- EXERCISE DESCRIPTION
Type out the listing below exactly. Pictures stay out of it.
▽
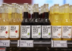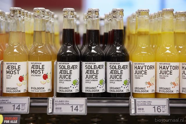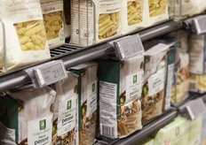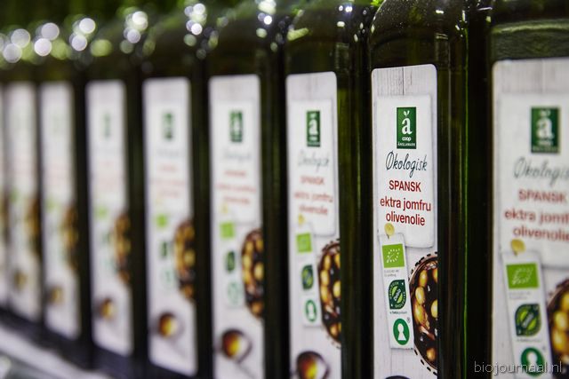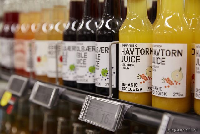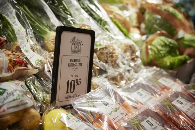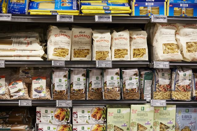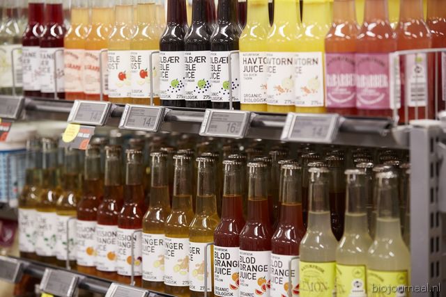 De rode Ø-labels op het schap wijzen de biologische producten aan.
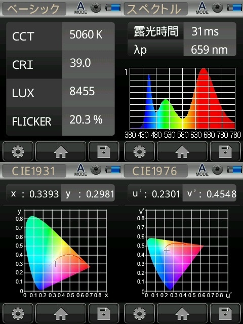 | 電流(A)/電力(w) | 0.167/4 | 0.250/6 | 0.333/8 | 0.542/13 |
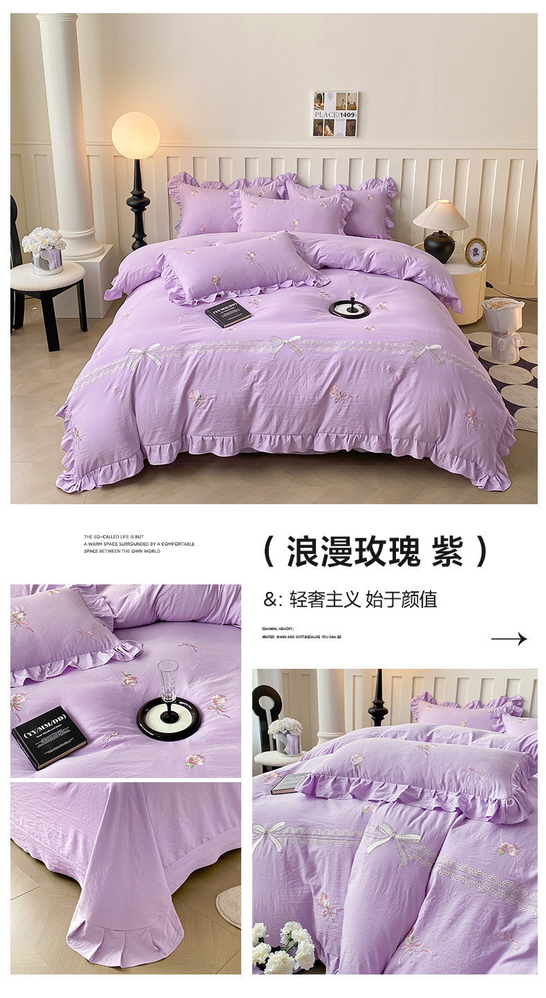 商品名称:大麦乐田 2025爆款韩版法式 满版刺绣大宽花边吊边款四件套 浪漫玫瑰 紫
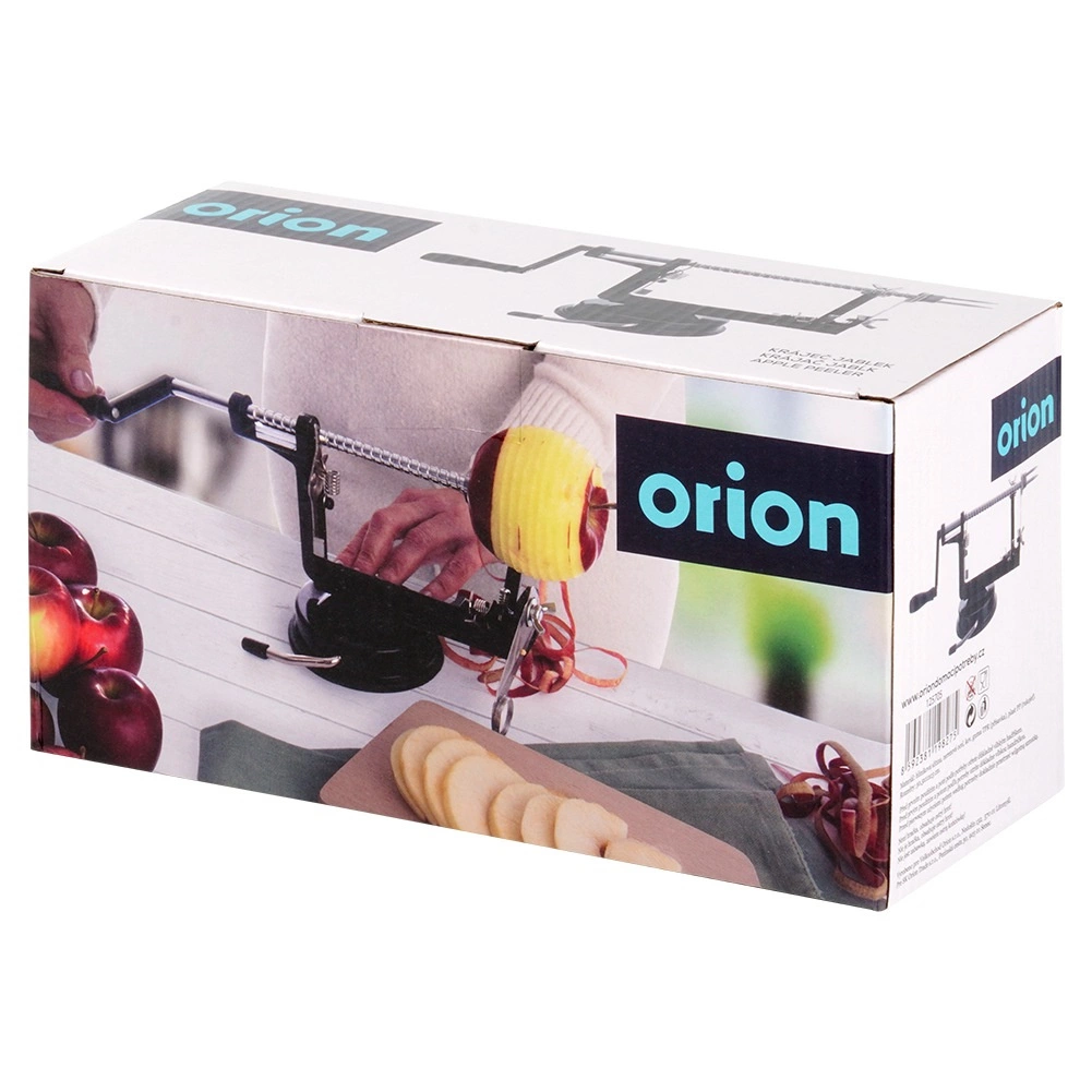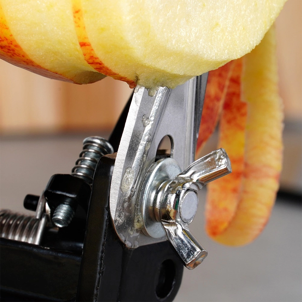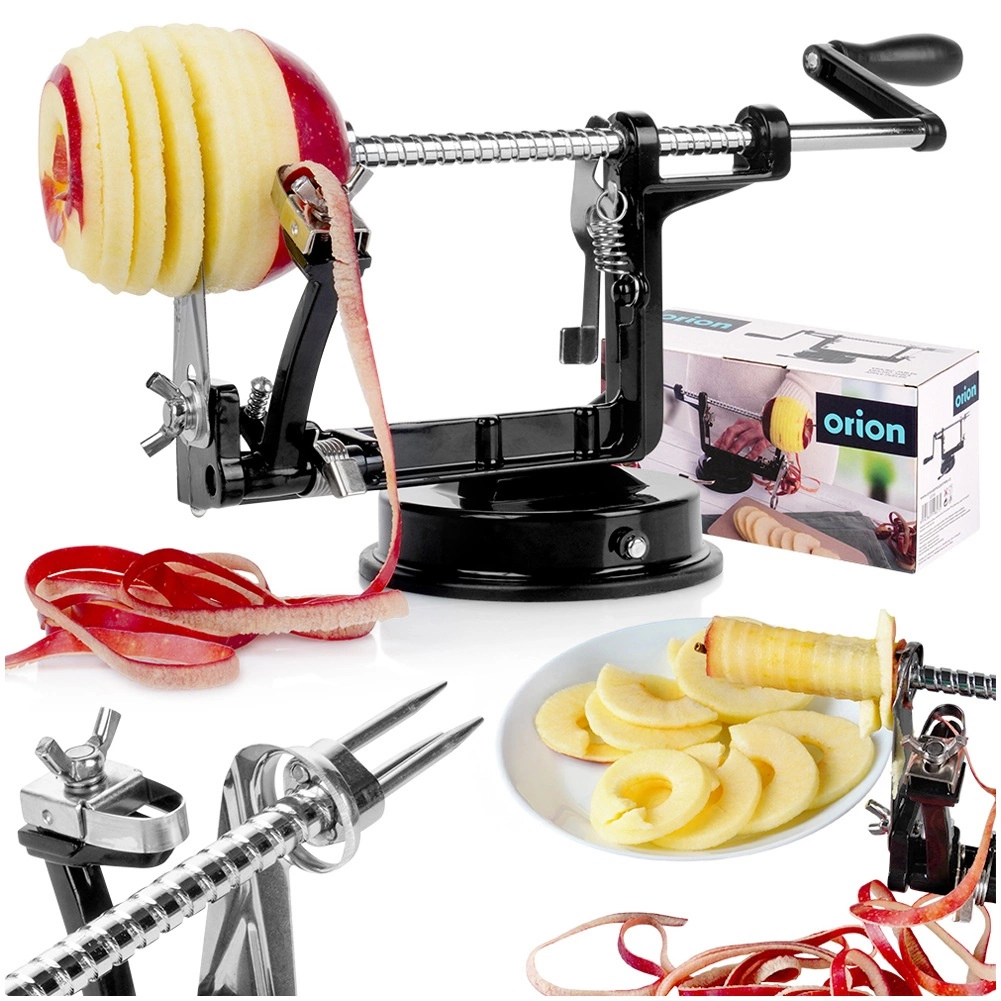Prin rotirea lină a manivelei veți curăța coaja, veți scoate cotorul și veți tăia inele regulate cu grosimea de circa 3 mm. Ideal pentru deserturi, chipsuri și deshidratare.
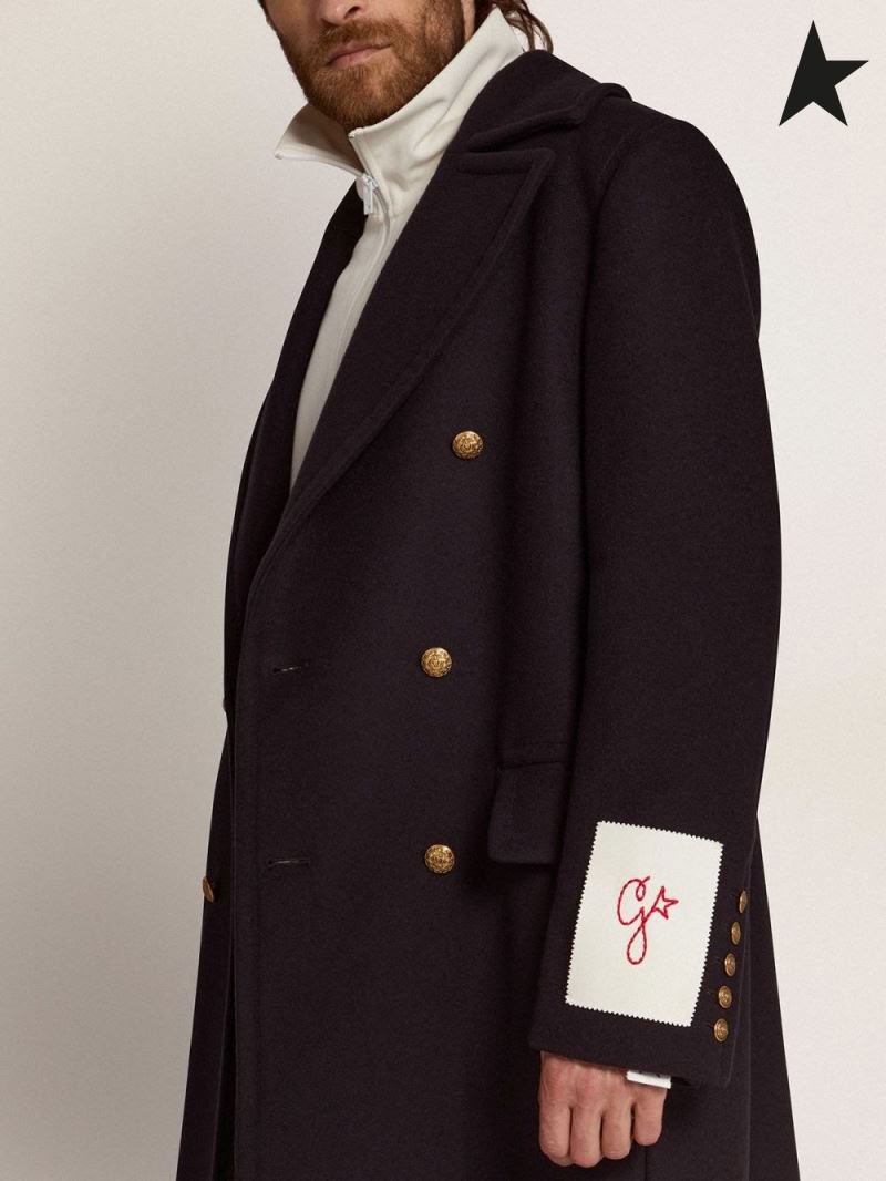 Dwurzędowy płaszcz Golden Goose Golden collection z ciemno-niebieskiej wełny ze złotymi геральдическими guzikami w kolorze granatowym
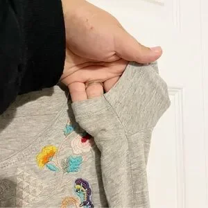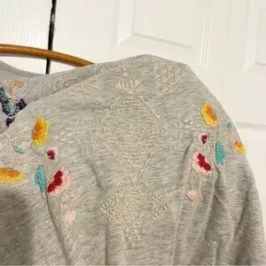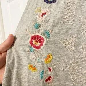 Johnny Was Embroidered Short Sleeve T-Shirt Size XS Gray Scoop Neck Floral Tee
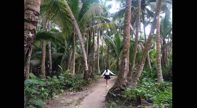 一会儿就到了文昌,入住“去哪儿网”上预订的旅社,稍加休整,换上凉爽的短裙,在旅社的对面乘坐文昌的公交车我们直接就到了“东郊椰林”。那是一大片一大片的椰子树啊,满足了我们对椰子树的向往,漫步在椰树丛中,静静的享受着它们的清香!路上到处都是椰子的身影,喝上一个现切开的椰子水,抱着椰子吮吸着甘甜的汁水,爽极了!喝完水后,当地的村民把椰子完全切开,啊,里面是白白的椰子肉,吃到口里真的超级香浓可口!东郊椰林紧靠着海边,我们很快就来到了大海边,哦,海浪、白砂,褪去鞋子,静静地在海水中行走,凝望着大海,任凭海浪的拍打!
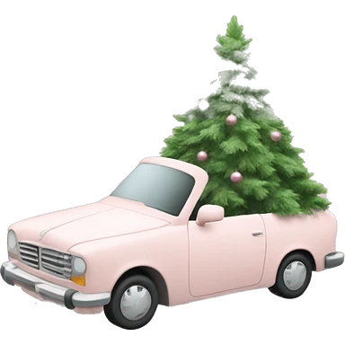 Pale Blush Pink car with a white bound christmas tree strapped to the top emoji
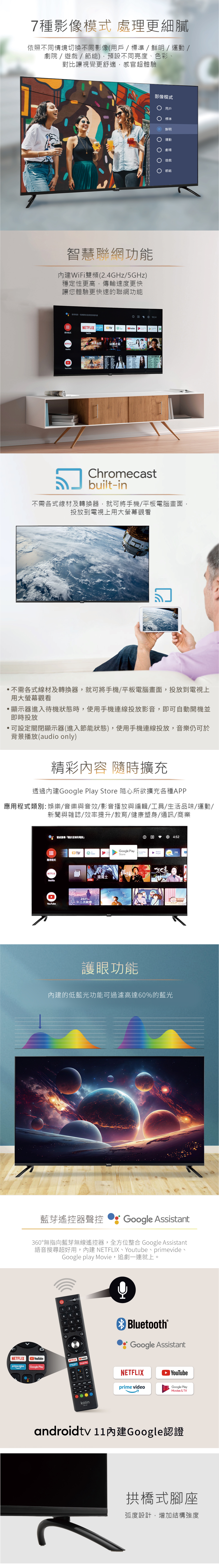 .智慧聯網功能:內建 YouTube/Netflix/Google Play
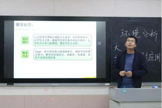 为进一步落实党的二十大精神和学校第九次党代会要求,提升教师教学能力和业务水平,鼓励广大教师更新教育理念、掌握现代教学方法,根据学校要求和学院比赛方案,11月19日,学院于S214举办2022年青年教师教学比赛决赛。经教研室预赛推荐,14名青年教师参加了决赛。学院领导和全体教职工全程观摩了比赛。
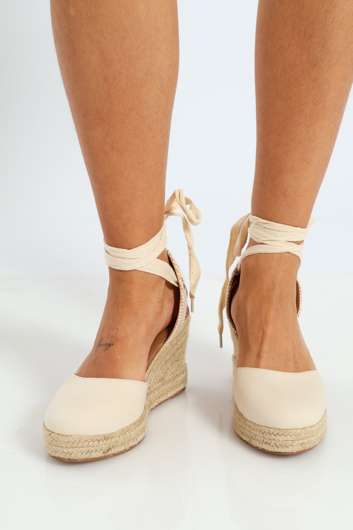 Leena Closed Toe Tying Strap Espadrille Heel - Neutral
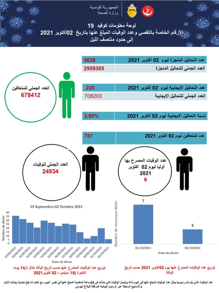 أعلنت وزارة الصحة بتاريخ 02 أكتوبر 2021، 220 إصابة جديدة بكوفيد 19 إثر إجراء 5638 تحليلا مخبريا، لتبلغ نسبة التحاليل الإيجابية لتقصي كورونا 3.90 بالمائة.
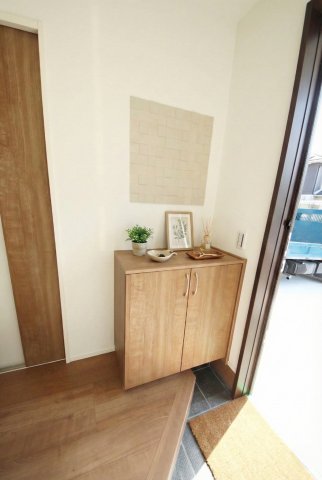 【玄関】明るくシューズボックス付の玄関。タイルはお掃除しやすく清潔を保てます。※画像はイメージです。 調湿性に優れたエコカラットは玄関のアクセントにもなります。
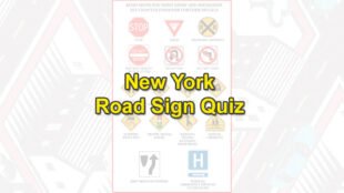 Just like the real New York state examination, this practice test pulls four of the 16 road signs that you must recognize and understand for your DMV test.
△
- SOLUTION
 De rode Ø-labels op het schap wijzen de biologische producten aan.
 | 電流(A)/電力(w) | 0.167/4 | 0.250/6 | 0.333/8 | 0.542/13 |
 商品名称:大麦乐田 2025爆款韩版法式 满版刺绣大宽花边吊边款四件套 浪漫玫瑰 紫
Prin rotirea lină a manivelei veți curăța coaja, veți scoate cotorul și veți tăia inele regulate cu grosimea de circa 3 mm. Ideal pentru deserturi, chipsuri și deshidratare.
 Dwurzędowy płaszcz Golden Goose Golden collection z ciemno-niebieskiej wełny ze złotymi геральдическими guzikami w kolorze granatowym
 Johnny Was Embroidered Short Sleeve T-Shirt Size XS Gray Scoop Neck Floral Tee
 一会儿就到了文昌,入住“去哪儿网”上预订的旅社,稍加休整,换上凉爽的短裙,在旅社的对面乘坐文昌的公交车我们直接就到了“东郊椰林”。那是一大片一大片的椰子树啊,满足了我们对椰子树的向往,漫步在椰树丛中,静静的享受着它们的清香!路上到处都是椰子的身影,喝上一个现切开的椰子水,抱着椰子吮吸着甘甜的汁水,爽极了!喝完水后,当地的村民把椰子完全切开,啊,里面是白白的椰子肉,吃到口里真的超级香浓可口!东郊椰林紧靠着海边,我们很快就来到了大海边,哦,海浪、白砂,褪去鞋子,静静地在海水中行走,凝望着大海,任凭海浪的拍打!
 Pale Blush Pink car with a white bound christmas tree strapped to the top emoji
 .智慧聯網功能:內建 YouTube/Netflix/Google Play
 为进一步落实党的二十大精神和学校第九次党代会要求,提升教师教学能力和业务水平,鼓励广大教师更新教育理念、掌握现代教学方法,根据学校要求和学院比赛方案,11月19日,学院于S214举办2022年青年教师教学比赛决赛。经教研室预赛推荐,14名青年教师参加了决赛。学院领导和全体教职工全程观摩了比赛。
 Leena Closed Toe Tying Strap Espadrille Heel - Neutral
 أعلنت وزارة الصحة بتاريخ 02 أكتوبر 2021، 220 إصابة جديدة بكوفيد 19 إثر إجراء 5638 تحليلا مخبريا، لتبلغ نسبة التحاليل الإيجابية لتقصي كورونا 3.90 بالمائة.
 【玄関】明るくシューズボックス付の玄関。タイルはお掃除しやすく清潔を保てます。※画像はイメージです。 調湿性に優れたエコカラットは玄関のアクセントにもなります。
 Just like the real New York state examination, this practice test pulls four of the 16 road signs that you must recognize and understand for your DMV test.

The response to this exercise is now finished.